§ Task goal
The expected response is the complete listing below, restated exactly, with its pictures omitted.

--- Material provided Enclosed Below ---

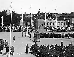 The war has been assigned several designations according to different political and ideological viewpoints. War of Independence (Finnish: vapaussota) was used during the war by both sides to express the fight for liberation from capitalism for the Reds and freedom from Soviet Russian influence by the Whites; Civil War is the term increasingly employed by the reconstituted social democrats after their defeat in the war.[6] The general terms for the conflict, Civil War (Finnish: sisällissota) and Citizen War (Finnish: kansalaissota), are synonymous and appeared mostly after the war. More ideologic names were also used including Class War (Finnish: luokkasota) and Revolution (Finnish: vallankumous) by the Reds and their supporters while Red Rebellion (Finnish: punakapina) was used by the Whites and their supporters.[7] Another designation, Brethren War (Finnish: veljessota), is applied in some poetic settings.[8] According to a 2008 interview of 1,005 people done by the newspaper Aamulehti, the most popular names were as follows: Civil War: 29%, Citizen War: 25%, Class War: 13%, War of Independence: 11%, Red Rebellion: 5%, Revolution: 1%, other name: 2% and no answer: 14%.[9]
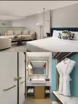 There are 52 uniquely styled guest rooms and suites, like cozy family-themed rooms and captain's cabin-themed rooms, all cleverly blending exotic charm, nautical elements, and voco's vibrant colors, paired with playful mascots to create a trendy yet relaxing retreat. The captain's cabin-themed room retains original ship features like watertight door display panels, ballast control panels, and navigation lights, with retro wooden decor and ocean-blue tones, fully immersing you in a maritime atmosphere 🚢 Plus, all rooms are equipped with renowned brand bathroom amenities, Serta mattresses, and high-end bedding with multiple pillow options, ensuring you sleep soundly to the rhythm of the waves 💤
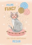 Front of card: Featuring an illustration of a cat with a face upload frame resting on a pillow surrounded by balloons. Text reads: "Feline fancy on you birthday Megan". All text can be personalised!

--- End of Enclosed Material provided ---

§ Solved exercise
 The war has been assigned several designations according to different political and ideological viewpoints. War of Independence (Finnish: vapaussota) was used during the war by both sides to express the fight for liberation from capitalism for the Reds and freedom from Soviet Russian influence by the Whites; Civil War is the term increasingly employed by the reconstituted social democrats after their defeat in the war.[6] The general terms for the conflict, Civil War (Finnish: sisällissota) and Citizen War (Finnish: kansalaissota), are synonymous and appeared mostly after the war. More ideologic names were also used including Class War (Finnish: luokkasota) and Revolution (Finnish: vallankumous) by the Reds and their supporters while Red Rebellion (Finnish: punakapina) was used by the Whites and their supporters.[7] Another designation, Brethren War (Finnish: veljessota), is applied in some poetic settings.[8] According to a 2008 interview of 1,005 people done by the newspaper Aamulehti, the most popular names were as follows: Civil War: 29%, Citizen War: 25%, Class War: 13%, War of Independence: 11%, Red Rebellion: 5%, Revolution: 1%, other name: 2% and no answer: 14%.[9]
 There are 52 uniquely styled guest rooms and suites, like cozy family-themed rooms and captain's cabin-themed rooms, all cleverly blending exotic charm, nautical elements, and voco's vibrant colors, paired with playful mascots to create a trendy yet relaxing retreat. The captain's cabin-themed room retains original ship features like watertight door display panels, ballast control panels, and navigation lights, with retro wooden decor and ocean-blue tones, fully immersing you in a maritime atmosphere 🚢 Plus, all rooms are equipped with renowned brand bathroom amenities, Serta mattresses, and high-end bedding with multiple pillow options, ensuring you sleep soundly to the rhythm of the waves 💤
 Front of card: Featuring an illustration of a cat with a face upload frame resting on a pillow surrounded by balloons. Text reads: "Feline fancy on you birthday Megan". All text can be personalised!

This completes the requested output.